Immunotransplantation preferentially expands T-effector cells over T-regulatory cells and cures large lymphoma tumors

Abstract

Ex vivo-expanded tumor-infiltrating lymphocytes infused into lymphodepleted recipients has clear antitumor efficacy. More practical sources of such antitumor lymphocytes would broaden the application of this approach. Previously, we described an in situ vaccination combining chemotherapy with intratumoral injection of CpG-enriched oligonucleotides, which induced T-cell immunity against established lymphoma. An ongoing clinical trial of this maneuver has demonstrated clinical responses in lymphoma patients.
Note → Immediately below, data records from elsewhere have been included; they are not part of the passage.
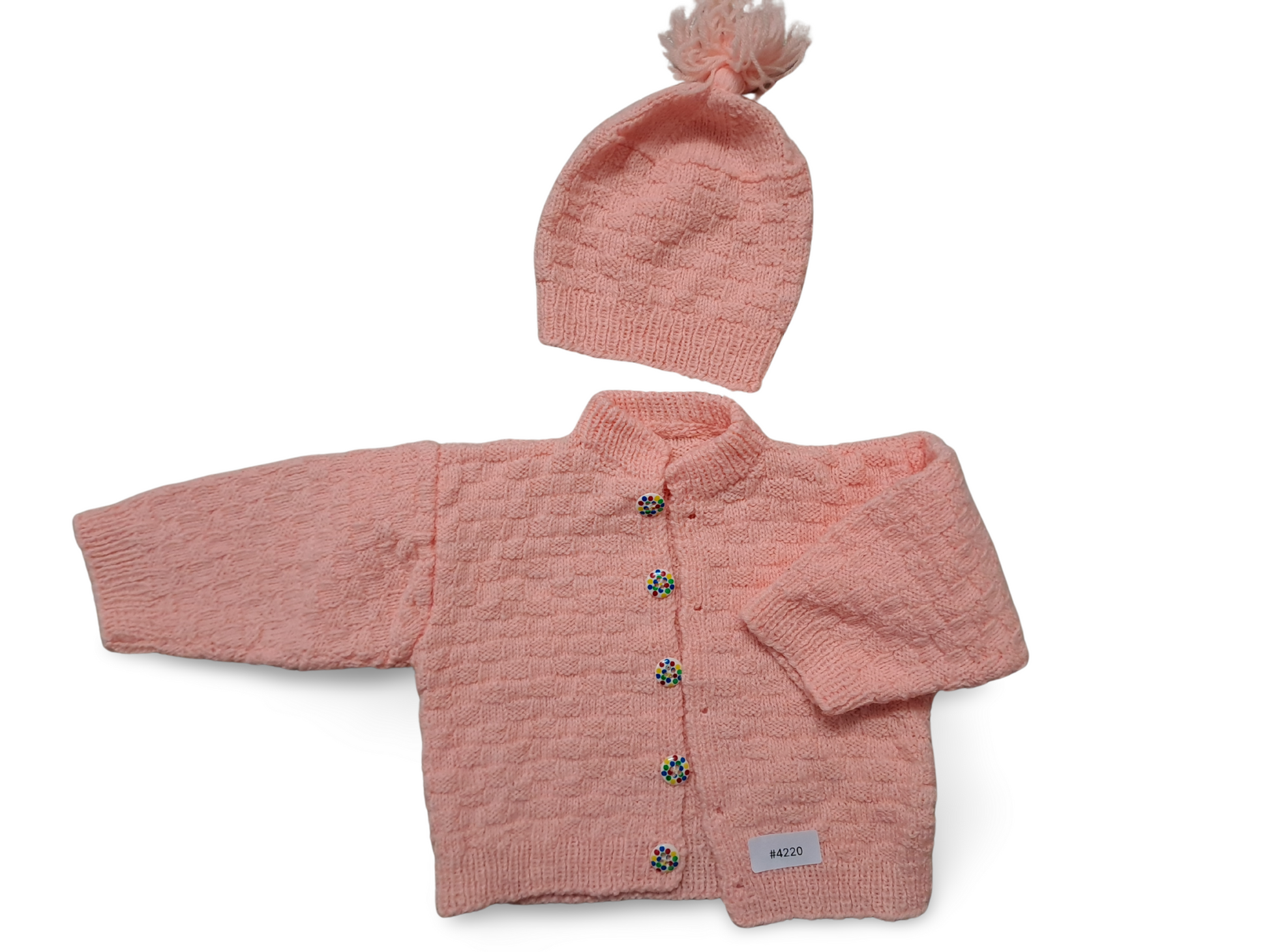 Susses Strickset in zartem Rosa mit liebevollen, bunten Knöpfen. Die feine Strickjacke und die passende Mütze mit Bommel umarmen kleine Abenteuer mit anschmiegsamer Wärme und zarter Textur, perfekt für kuschelige Spaziergänge und verspielte Tage.
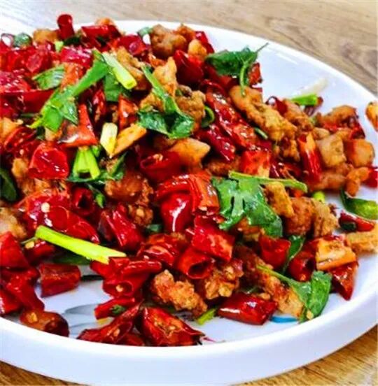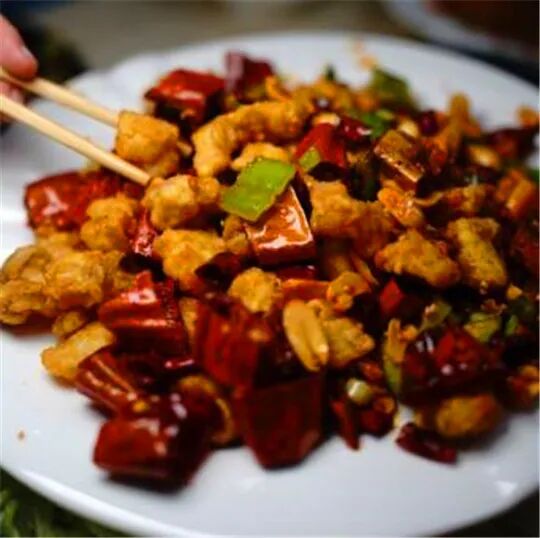 粒粒香椒麻鸡,鸡腿肉切小块,炸得外焦里嫩的,椒香十足又麻又辣的。
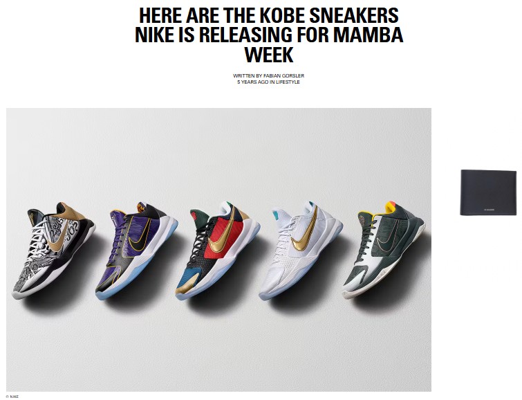 自2020年以来,耐克会在8月23日(生日)至8月24日期间举办“Mamba Week”,重新发售科比系列产品、发布致敬内容,并将部分收益捐赠给基金会。球迷们用 #MambaDay 和 #KobeDay 分享故事,许多活动也与青少年体育项目的募捐相结合。
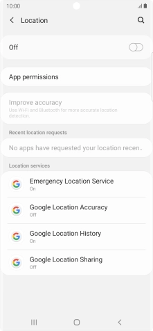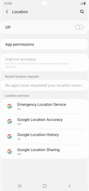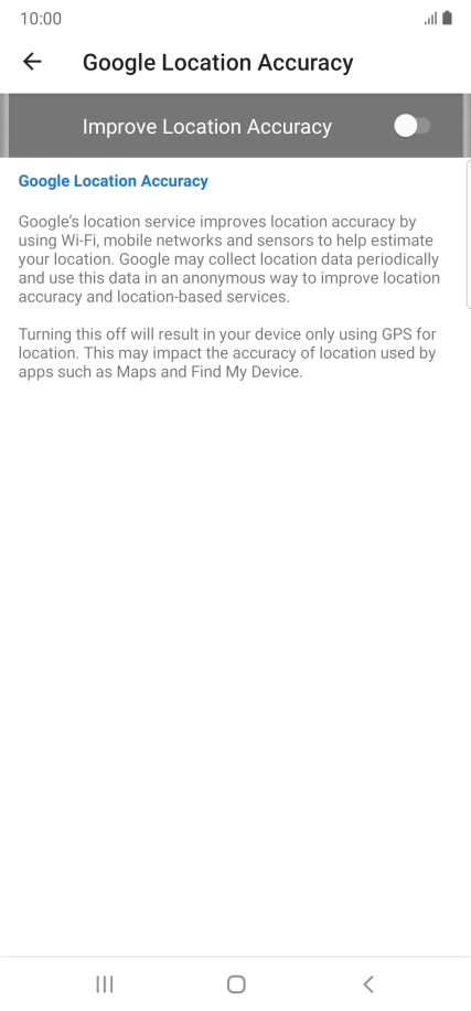 Press the indicator next to "Improve Location Accuracy" to turn off the function. If you turn off the function, your phone can find your exact position using the GPS satellites but it may take longer as there is no access to supplementary information from the mobile network or nearby Wi-Fi networks.
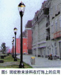 斑紋粉末涂料涂裝可以按普通粉末涂料一樣的加工工藝進行,但為了控制涂膜斑紋效果,涂裝生產中要控制穩定的涂裝工藝,如涂層厚度、固化爐工作參數、懸掛鏈線速度等。當涂裝工藝需要進行明顯調整時,必須及時與粉末涂料的生產技術人員進行溝通,以便其對斑紋粉末涂料配方進行相應的調整,做到批次間涂裝件涂膜紋理色澤的一致性。斑紋粉末涂料以其突出的裝飾效果和對底材良好的遮蓋作用受到了客戶的喜愛,在儀器儀表、燈飾、金屬門窗與家具、工業縫紉機、柵欄、五金工具、各類車輛附件上得到了廣泛的涂裝應用(見圖5)。
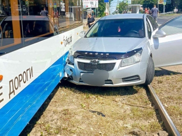 Сегодня днем, 19 июля, в Железнодорожном районе Ульяновска автомобиль Chevrolet Cruze врезался в трамвай.
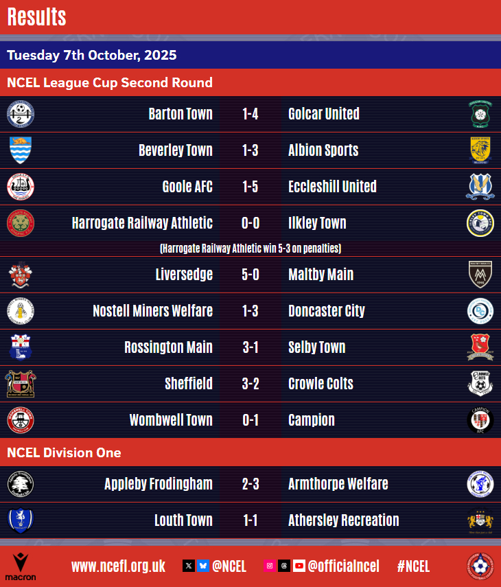 Holders Beverley Town's defence of the JCP Construction NCEL Cup in memory of James Hitchcock has come to an end after a Second Round defeat in midweek.Twelve of the fifteen ties were played with Beverley bowing out after a 3-1 home defeat to Macron NCEL Premier Division rivals
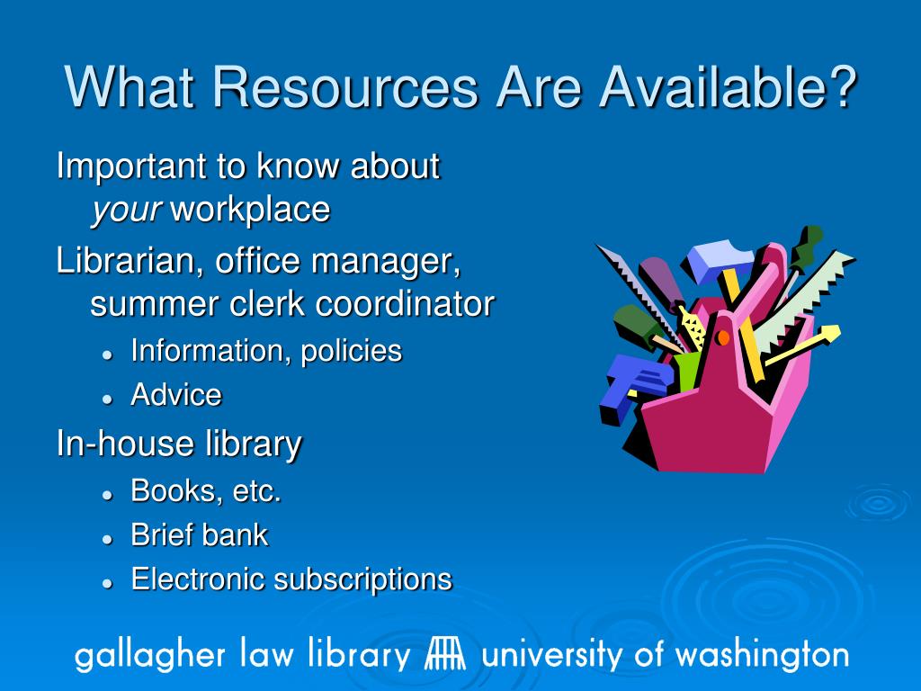 What Resources Are Available? Important to know about yourworkplace Librarian, office manager, summer clerk coordinator • Information, policies • Advice In-house library • Books, etc. • Brief bank • Electronic subscriptions
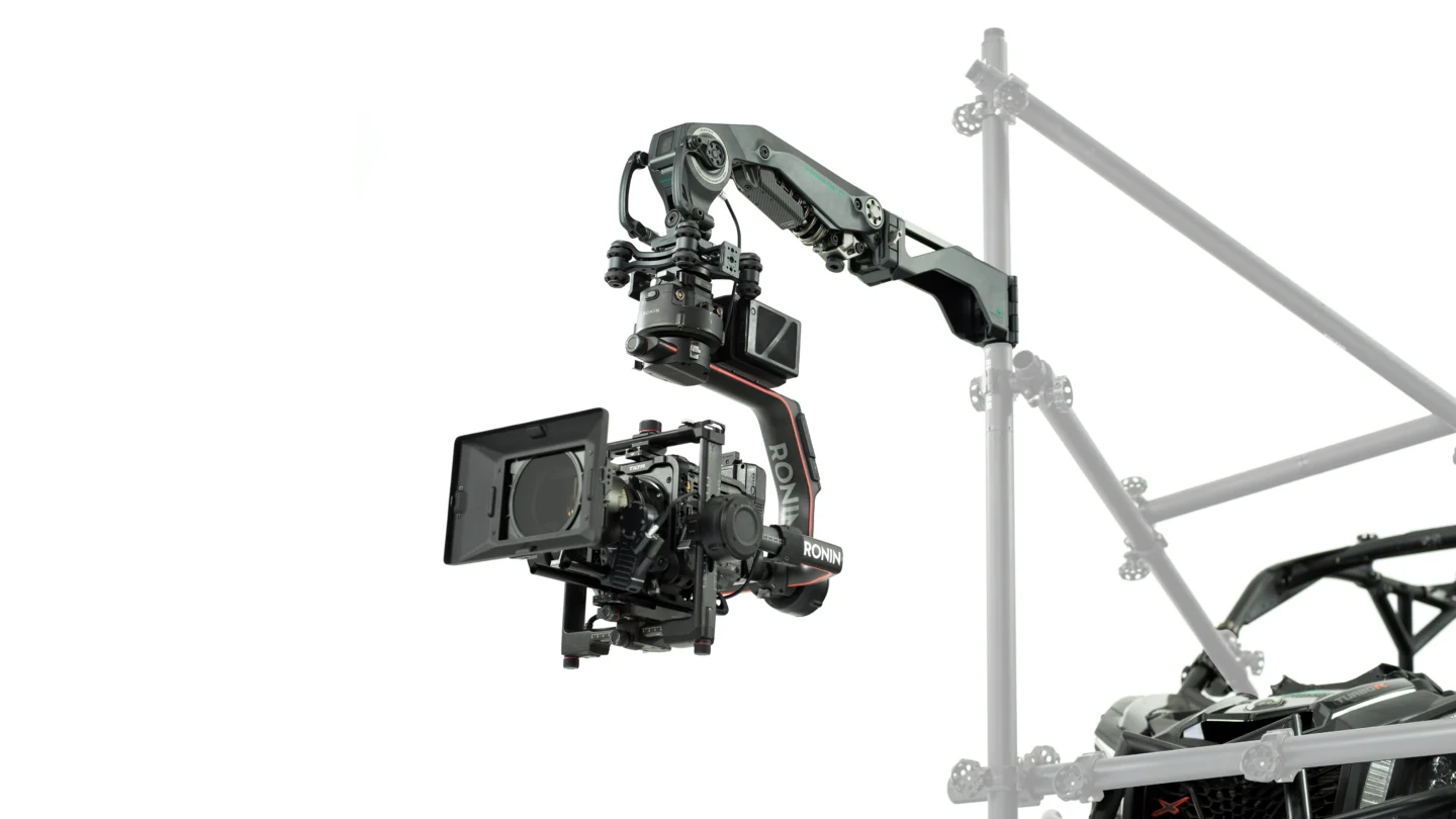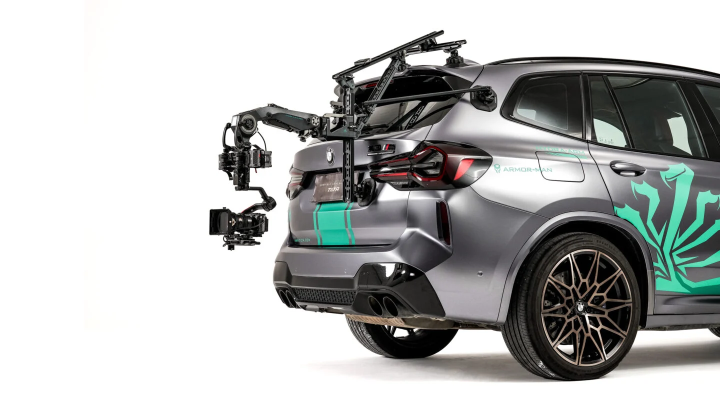 Una de las mayores ventajas es la capacidad de operación remota. A través del mando Nucleus Nano II de Tilta, el operador puede estar sentado dentro del coche mientras controla el movimiento del gimbal y la intensidad de la amortiguación del brazo mecánico. Esto, además de ser más cómodo, es mucho más seguro que intentar operar la cámara desde fuera.
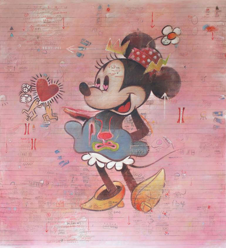 Minnie Mouse oil painting inspired by Jean Michel Basquiat. Size: 82 x 98cm on wood panel with black float frame.
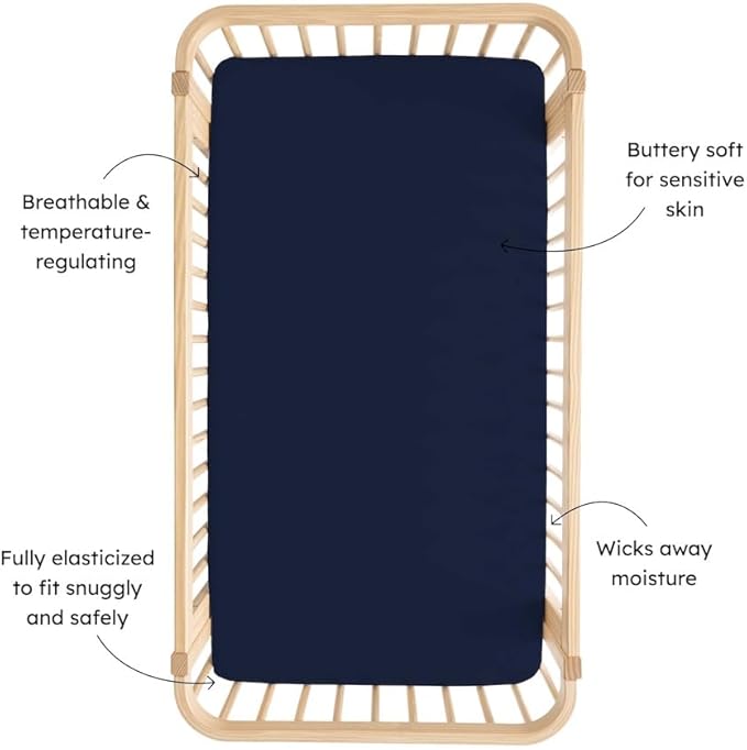 Kyte Baby Soft Crib Sheet - Standard Fitted Crib Sheet Made with Rayon from Bamboo, Ultra-Gentle and Breathable (Navy)
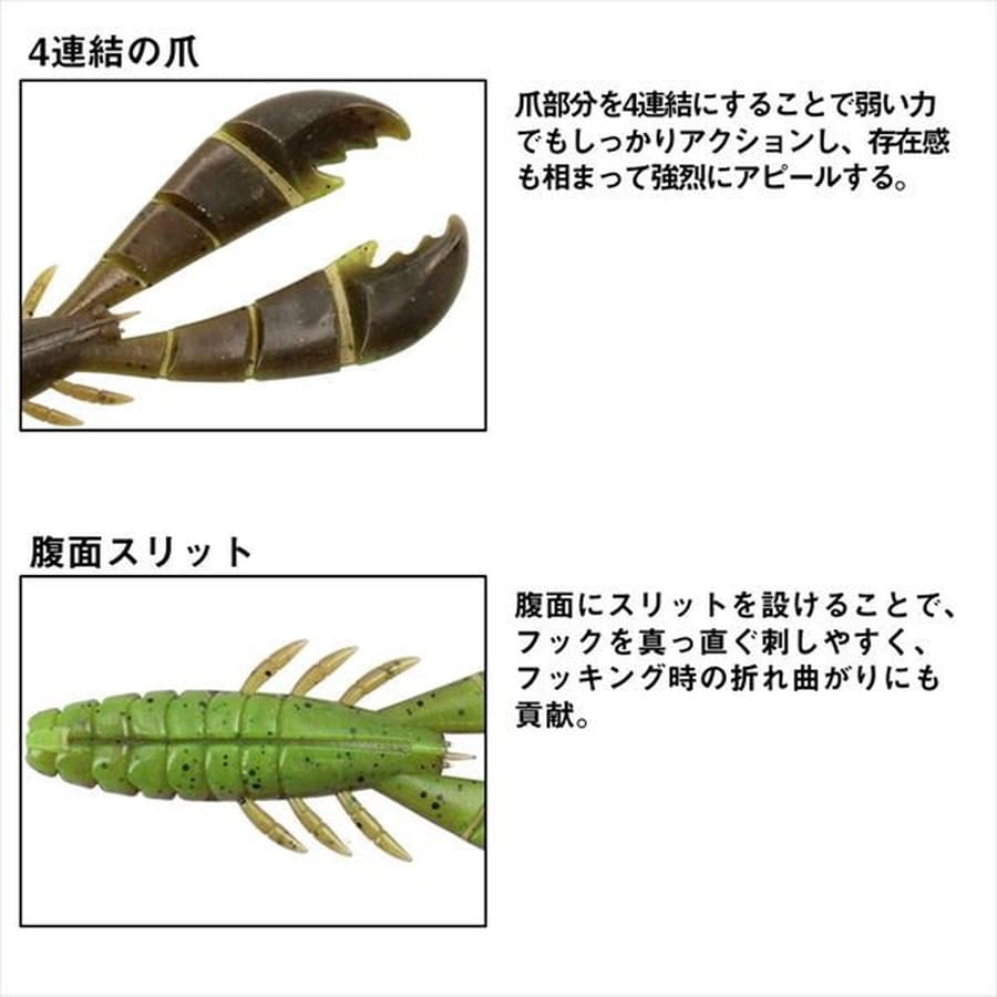 バタバタ動く爪で魚の本能を刺激するハイパワージョイントクローワーム。シャローの近距離戦を得意とするクローワーム。4連結ジョイント構造の爪は、着水直後からアクションを始め、艶めかしくもバタバタ水を強く掻き、魚へ強烈にアピールする。また、ジョイントのおかげで着底からの倒れ込みは爪が遅れて倒れバイトチャンスを誘発させる。大ぶりな爪は、フリップやピッチングの際に振り子の役目を果たし、ストレスなくキャストすることが可能となっている。琵琶湖ガイド 島後英幸監修。4連結ジョイント構造の爪で着水から着底まで常にアピール。爪側にもウエイトがありフリップorピッチングしやすいネイルを刺せばバックスライドにも対応

Here, we use this vaccine maneuver to generate immune cells for transfer into irradiated, syngeneic recipients. Transferred tumor-specific T-effector (T(eff)) cells preferentially expanded, increasing the T(eff)/T-regulatory (T(reg)) ratio in these "immunotransplantation" recipients and curing large and metastatic tumors. Donor T cells were necessary for tumor protection, and CD8 T-cell immune responses were enhanced by posttransplantation booster vaccination. Hematopoietic stem cell transplantation is a standard therapy for lymphoma. Therefore, in situ tumor vaccination followed by immunotransplantation of harvested tumor-specific T cells could be directly tested in clinical trials to treat otherwise resistant malignancies.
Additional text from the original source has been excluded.